WORK INSTRUCTIONS -
Working from the records below, repeat exactly the lines starting at the line that contains "Az udvaron két" and ending at the line that contains "生後19日と少し遅めの撮影でしたが、とてもスムーズに撮ってもらえて大満足です♪", inclusive.

---------- SOURCE DATA

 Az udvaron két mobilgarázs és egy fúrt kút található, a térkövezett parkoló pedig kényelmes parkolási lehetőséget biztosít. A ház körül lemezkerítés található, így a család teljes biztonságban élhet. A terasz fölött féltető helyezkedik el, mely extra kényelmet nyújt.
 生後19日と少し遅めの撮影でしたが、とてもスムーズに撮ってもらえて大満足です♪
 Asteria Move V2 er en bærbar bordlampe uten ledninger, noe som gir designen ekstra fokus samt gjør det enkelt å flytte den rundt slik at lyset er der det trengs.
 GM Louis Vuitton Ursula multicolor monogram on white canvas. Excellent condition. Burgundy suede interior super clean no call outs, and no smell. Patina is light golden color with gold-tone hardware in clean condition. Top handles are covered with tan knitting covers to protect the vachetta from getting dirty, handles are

--------------------
---------- SOURCE DATA

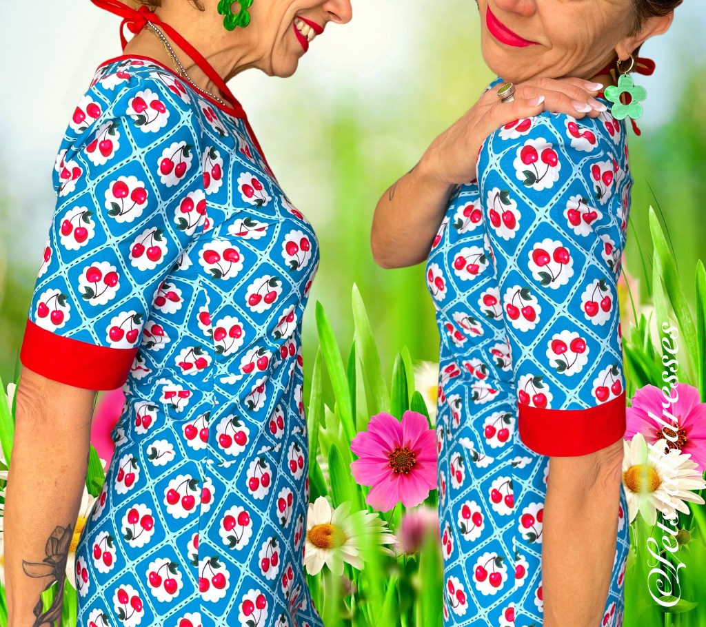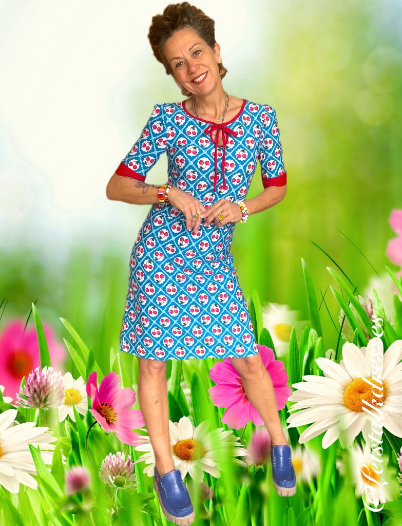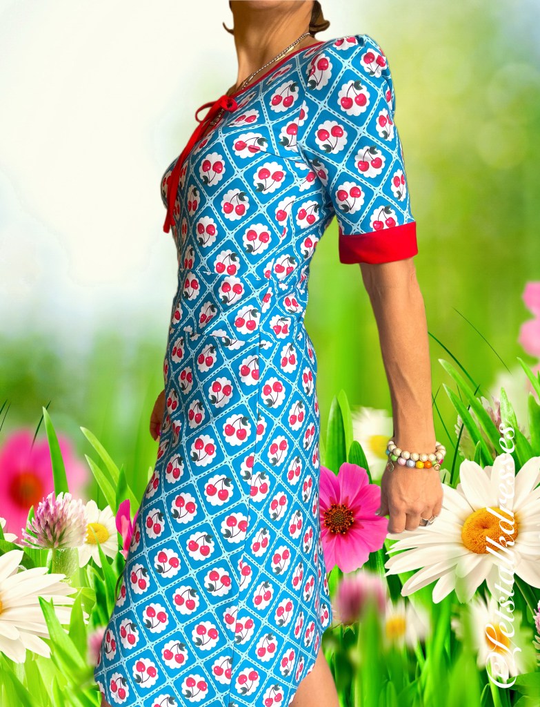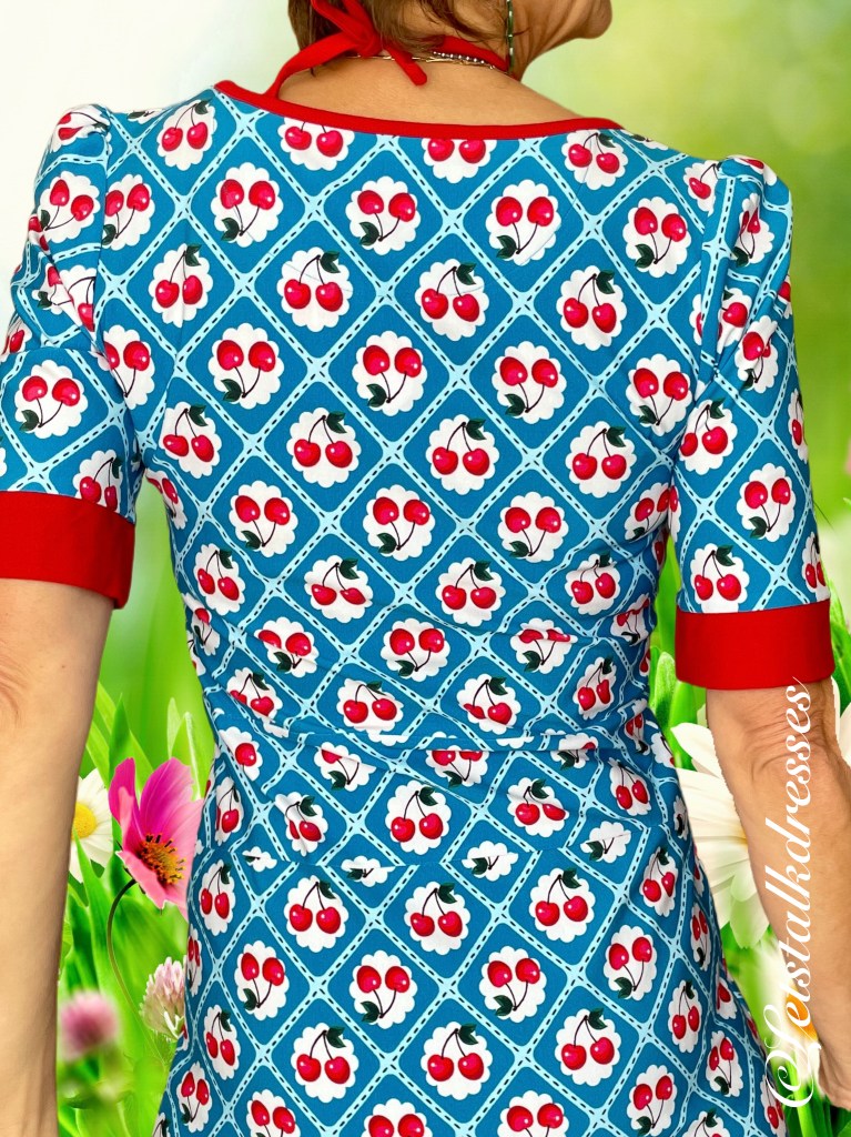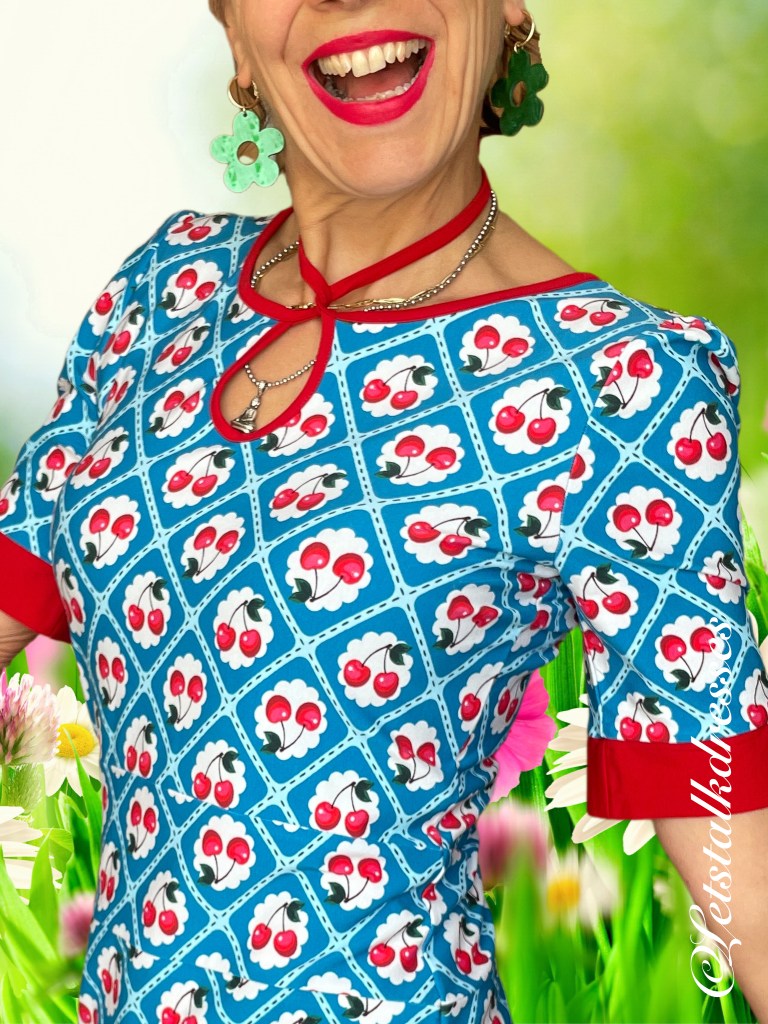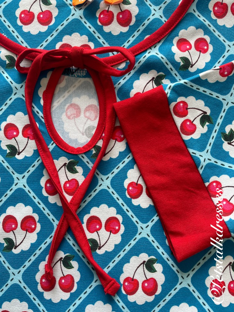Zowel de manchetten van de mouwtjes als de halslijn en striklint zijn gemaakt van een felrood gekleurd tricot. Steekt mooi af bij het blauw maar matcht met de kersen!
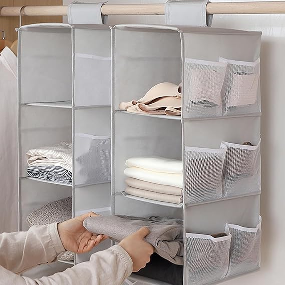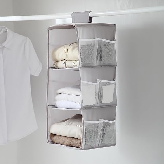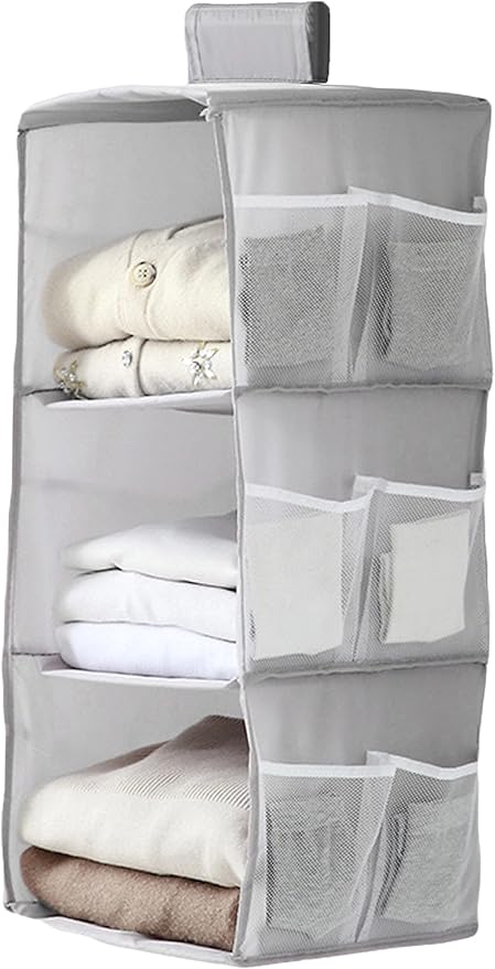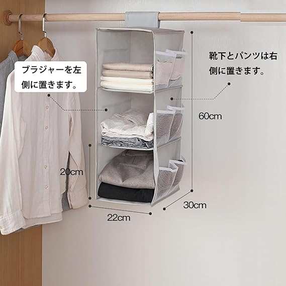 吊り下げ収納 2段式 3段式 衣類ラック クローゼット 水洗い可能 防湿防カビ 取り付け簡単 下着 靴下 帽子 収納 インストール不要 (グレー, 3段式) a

--------------------

SOLUTION TO THIS TASK -
 Az udvaron két mobilgarázs és egy fúrt kút található, a térkövezett parkoló pedig kényelmes parkolási lehetőséget biztosít. A ház körül lemezkerítés található, így a család teljes biztonságban élhet. A terasz fölött féltető helyezkedik el, mely extra kényelmet nyújt.
 生後19日と少し遅めの撮影でしたが、とてもスムーズに撮ってもらえて大満足です♪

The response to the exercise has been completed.